Ela hesita um segundo, mas aceita. Apresentam-se, pedem cafés, falam do tempo maravilhoso que faz. Depois descobrem que moram no mesmo bairro e cresceram na mesma escola, embora não se lembrem um do outro. Ela refere que tem um filho, que hoje está com o pai. Ele mostra-lhe a mão aberta, sem aliança e diz.

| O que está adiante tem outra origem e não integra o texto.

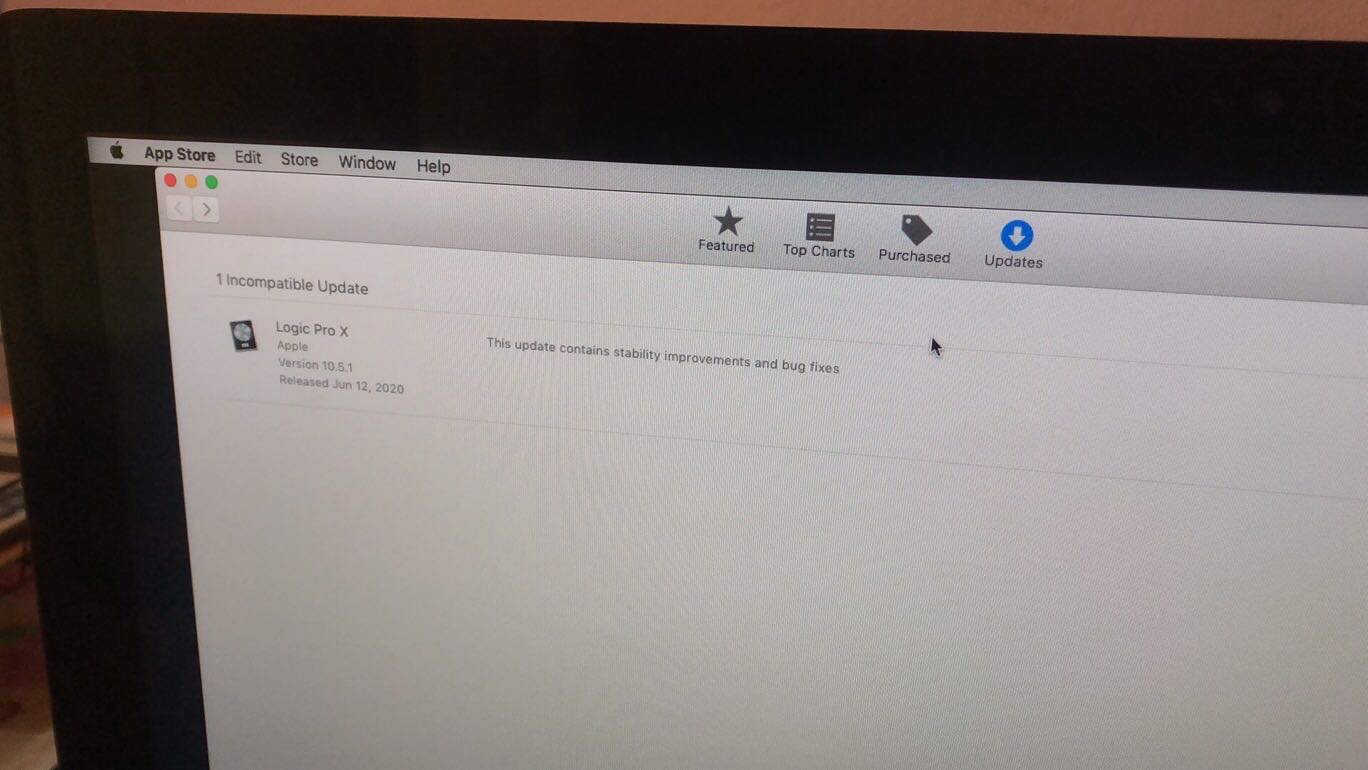 when I click on software update, it shows no update available and one incompatible update, which is Logic Pro x.

- Eu ainda nem sequer casei. Passou uma hora e, repentinamente, ela anuncia que tem de ir. Contudo, de regresso a casa, pensa que gostou dele e recrimina-se por ter cedido aos receios, por se ter afastado, por não se querer apaixonar com medo de sofrer. Já ele, pensa que estúpido, nem sequer lhe pedi o contacto! E, num impulso, vai atrás dela. Percorre dois quarteirões a correr, sem a descobrir, volta para trás, lança um olhar em redor e dá com ela no passeio do lado de lá. Atravessa a rua, chama-a, alcança-a quase sem fôlego. Ela vira-se, surpreendida, e ele a rir-se, a arquejar, pede-lhe só um bocadinho para recuperar.

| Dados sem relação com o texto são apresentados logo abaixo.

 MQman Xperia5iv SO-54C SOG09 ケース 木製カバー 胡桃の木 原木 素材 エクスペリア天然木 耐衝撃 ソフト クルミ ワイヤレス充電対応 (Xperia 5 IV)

- Que foi? Pergunta-lhe, divertida.
- É que não me deu o seu número de telemóvel e podem passar mais vinte anos sem nos voltarmos a cruzar. Ela solta uma gargalhada, dá-lhe o número, diz-lhe adeus outra vez. Deixa-a ir com um aceno cansado, encosta-se a um carro, grava o número e liga-lhe. Ela acabou de virar a esquina, abana a cabeça, atende.
- E já agora, diz ele, como estamos os dois sozinhos, não quer vir jantar comigo?